BATTLE AT PORTSMOUTH HARBOUR




Roman  Liburnia

Portsmouth Harbour has a very long history of use as a major port. At the north of The Harbour is Portchester Castle, the western most of the Roman Saxon Shore forts built around the Second Century.

The Anglo-Saxon Chronicle tells us baldly that in 501 there was a battle at Portsmouth Harbour in which an important British prince was killed. ‘In this year Port and his sons Breda and Maegla came to Britain at a place called Portsmouth, and slew a young Welshman, a very noble man.’ This has been taken by Morris as a rare instance of the two independent traditions describing the same event. ‘Llongborth’ is not obviously the same place-name as Portsmouth, but it means ‘port of the warships’, which describes the Portsmouth Harbour of those days, and of subsequent centuries, very well. A naval station where a Dumnonian prince fell is likely to be the westernmost Saxon shore fort, Portchester, at the head of Portsmouth Harbour; this is a likely location of the battle of Portsmouth/Llongborth. The Tale tells us that Arthur was there too, as Geraint’s commander-in-chief, and shared in Geraint’s defeat with the ‘men of Devon’. 

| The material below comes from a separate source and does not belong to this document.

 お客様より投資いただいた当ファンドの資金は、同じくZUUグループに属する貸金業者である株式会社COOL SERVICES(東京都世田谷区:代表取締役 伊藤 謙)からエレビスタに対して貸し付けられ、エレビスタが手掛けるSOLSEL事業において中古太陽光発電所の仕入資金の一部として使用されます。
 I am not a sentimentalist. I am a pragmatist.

King Geraint was succeeded by Cato or Cado and both Geraint and Cato, whether father and son, uncle and nephew, or brothers, are remembered in later traditions as close associates of Arthur in war and peace. Geraint held lands on the south Cornish coast, while Cato’s lands lay on the north Devon coast.

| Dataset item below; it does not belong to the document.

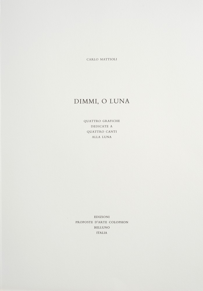 MATTIOLI CARLO (1911 - 1994) DIMMI O LUNA . 1993. acquaforte. Cm 35,50 x 49,50 x 3,00. Lotto composto da quattro grafiche dedicate a quattro canti alla luna ( Leopardi, Verlaine, Schelly, Goethe)

The archaeological evidence paints a picture of an alliance between the powerful Jutes (early English) of Kent and the British kings of IW that started at the turn of the 6th Century - as evidenced by the hilltop burial on IW of a (mystical) noble Jutish woman with gold at her head, a (possibly Mithraic) key in her hand, snake ring, and a crystal ball between her legs. Such dynastic linking between Britons and English would be a typical way of normalising relations to allow resumption of coastal trade.

Looking at the sequence of events remembered by the English rather than the dodgy dates they added later(29); Portchester fell to an attack by Saxons and Britons leading to the death of a 'very' noble Briton(30), who has been associated with Geraint (a legendary knight of Arthur).